I find it bordering on trivial personally. I can solve every challenge
within minutes and get a perfect score on every exam without even
studying.
If you don't like that answer, take a moment to reflect on the futility
of the question.
Can I take the class remotely?
No.
I try my best to accommodate sporadic absence by setting up live Zoom
sessions and recording them. I don't take attendance, and frankly I
don't mind if you choose not to show up on any given day. Skip class
when you need to, don't waste a wellness day on me, don't ask for
permission.
That being said, all accommodations are delivered on a best
effort basis. IT wrecks NUWave again?
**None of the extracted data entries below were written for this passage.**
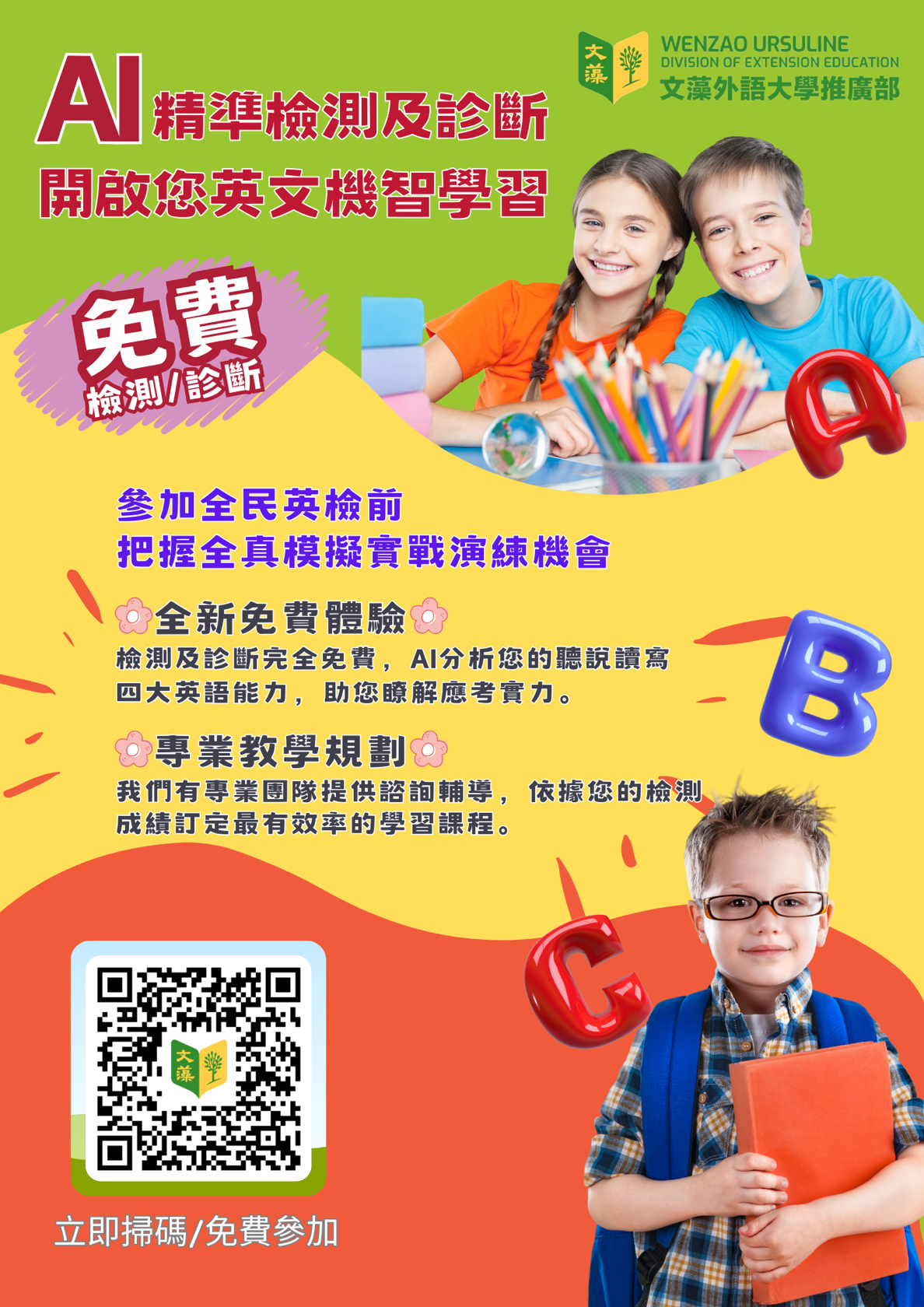 (一)內含三大程度檢定GEPT Kids-兒童英檢(A1程度)、GEPT初級英檢(A2程度)、GEPT-中級英檢(B1程度)。
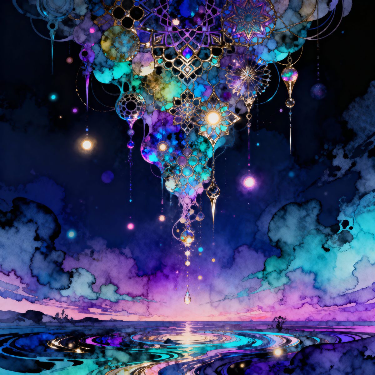 This image showcases a surreal, kaleidoscopic cascade with vivid gradients and glowing elements. It features a blend of modern art and graphic novel aesthetics.
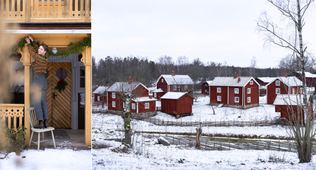 På 1960-talet köptes byn upp av Vitterhetsakademien som påbörjade ett omfattande renoveringsarbete. Bland annat rustade man upp Stensiögården vars stora gulmålade farstukvist ny pryds av granrisgirlanger. På dörren in till huset hänger två eneruskor med röda band och intill står en jultall och två mindre julgranar. När granen väl blev etablerad som julpynt i Sverige hade man den till en början främst utomhus, men så småningom fick den flytta in i huset.
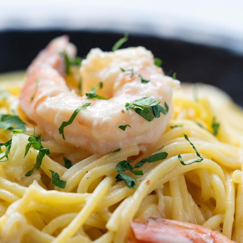 Pasta with Shrimp in Creamy Cheese Sauce
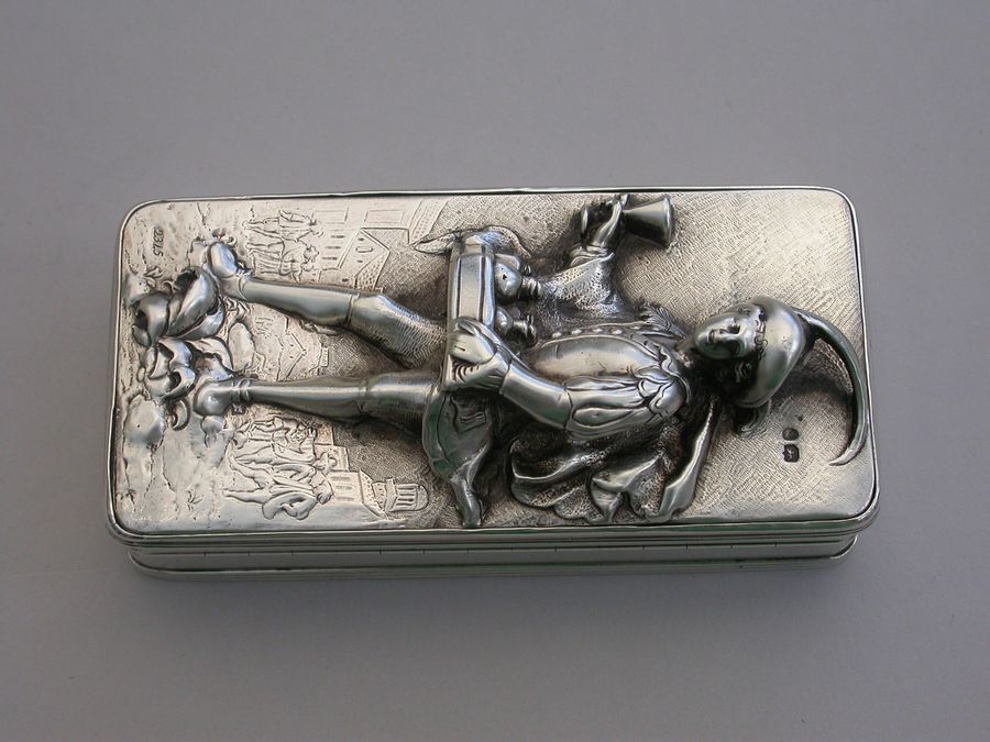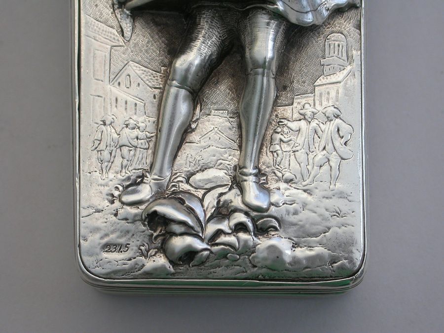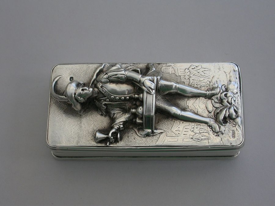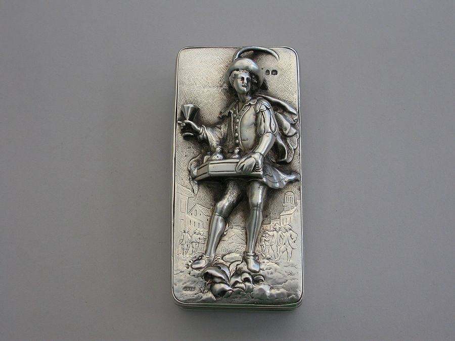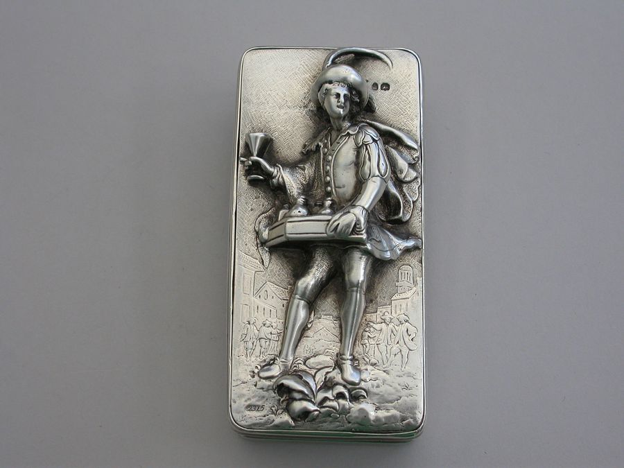 A very fine George IV silver ""Wine Pedlar"" Snuff Box, the lid chased in high relief depicting a Cavalier gentleman trading his wares, the background engraved with figures standing by buildings in a town square, the plain base and sides with raised reeded borders. Original silver gilt interior.

Your cat takes over the
laptop? I forget to hit the record button on Zoom? Tough luck. The onus
is on you to find a way to catch up.
Even when everything goes according to plan, consider Zoom sessions
degraded-mode lectures. This is officially an on-campus course, and we
are not guaranteed a room with remote teaching capabilities. Even when
we have tech, it rarely works. You'll miss out on my board doodles, you
won't hear classroom discussion, and I won't answer questions over
Zoom. You'll entirely miss out on 1:1 help sessions after class.
Finally, you must absolutely be present for written
exams. I only do paper exams, this is not negotiable except
under existential-caliber circumstances.
If you ask me whether I do remote, the official answer
is NO. I take zero responsibility should you ignore
that and bomb. Read the above again and make your own decision.
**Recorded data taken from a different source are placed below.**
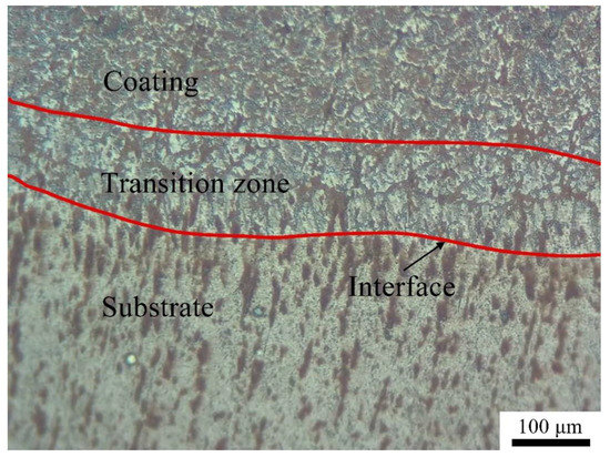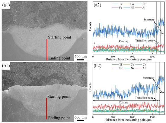 Figure 3(a1,b1) show the cross-sectional macromorphologies of the coatings. The profiles of the two coatings are highly similar. The maximum width and depth are approximately 6.6 mm and 3.0 mm, respectively. The microstructure is extremely dense, and no cracks, pores, and unmalting particles can be clearly identified. A concave interface between the coating and the substrate can be observed, showing that a strong metallurgical bond formed between the two. Linear scanning analyses were performed to detect the change in chemical composition along the scanning trace (Figure 3(a1,b1)). Based on the linear scanning results (Figure 3(a2,b2)), the coating and the substrate can clearly be identified due to the significant change in chemical composition in the joint interface. A close inspection reveals that a transition zone with a thickness of approximately 100 μm can be clearly identified in the joint interface, in which the elements of Ti and Al, rich in the substrate, present the gradual upward tendency and the elements of Co, Cr, Fe, Ni, rich in the cladding material, demonstrate the opposite change along the depth direction of the coatings. The morphology of the interface is indicated in Figure 4, in which the microstructure in the transition zone is different from that in the coating. The zone was also observed in the interface of explosively welded bronze–carbon steel [45], in which the alloying elements of the flyer and base plates were involved. The investigation indicated that a thin transition can also be formed in the interface between the precipitates and the matrix during casting and cooling in the CrFeNiMn0.5Cu0.5 high entropy alloy [46].
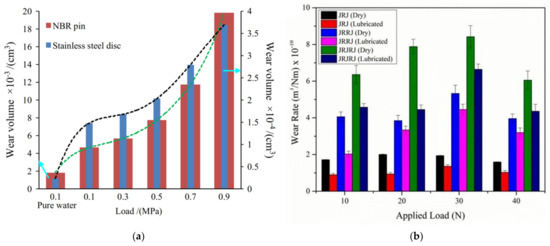 Another important factor affecting wear performance is the lubrication conditions. The common lubrication methods are water lubrication [24,25], oil lubrication [26,27,28], and grease lubrication [5]. As environmental pollution continues to increase, the green industry has become a global hot topic. The application of water, with its clean and environmentally friendly characteristics, is bound to become more and more widespread. Therefore, the study of the wear performance under water lubrication conditions has very important engineering applications and environmental significance.
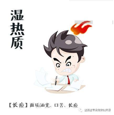 湿热体质的人,面部和鼻尖总是油光发亮,脸上容易生粉刺,皮肤容易瘙痒。常感到口苦、口臭或嘴里有异味,大便粘滞不爽,小便有发热感,尿色发黄,女性常带下色黄,男性阴囊总是潮湿多汗。患病倾向是疮疖、黄疸等病。
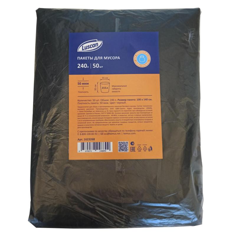 Мешки для мусора ПВД 240л 100х140см 50мкм черные 50шт / уп Luscan
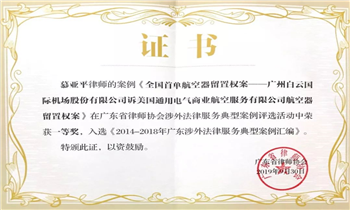 ◆2019年4月,慕亞平律師代理的全國首例航空器留置權(quán)案入選廣州法院“十大涉外民商事審判典型案例”

I'm already a 1337 hacker. What now?
Technical as it may be, this is still a class that assumes no hands-on
security experience. If you're already pwning famous CTFs left, right,
and center, you may find the material too elementary. Yes, we'll have
interesting challenges, but we'll definitely start at the basic web
injection tricks and buffer overflows without stack protections. So, if
you expect multi-stage memory exploits and VM escapes, you're probably
not the target audience. Sorry, but that's not what the course was
designed for.
If this is an elective course for your program, consider taking
something else.
Otherwise, if it's mandatory, enjoy an easy time and take the
opportunity to pick up a new hobby.
Here's an obligatory reminder that self-assessments are scientifically
shown to be biased towards overconfidence. I have students every term
that self-report as being experts, but then struggle (in a good way).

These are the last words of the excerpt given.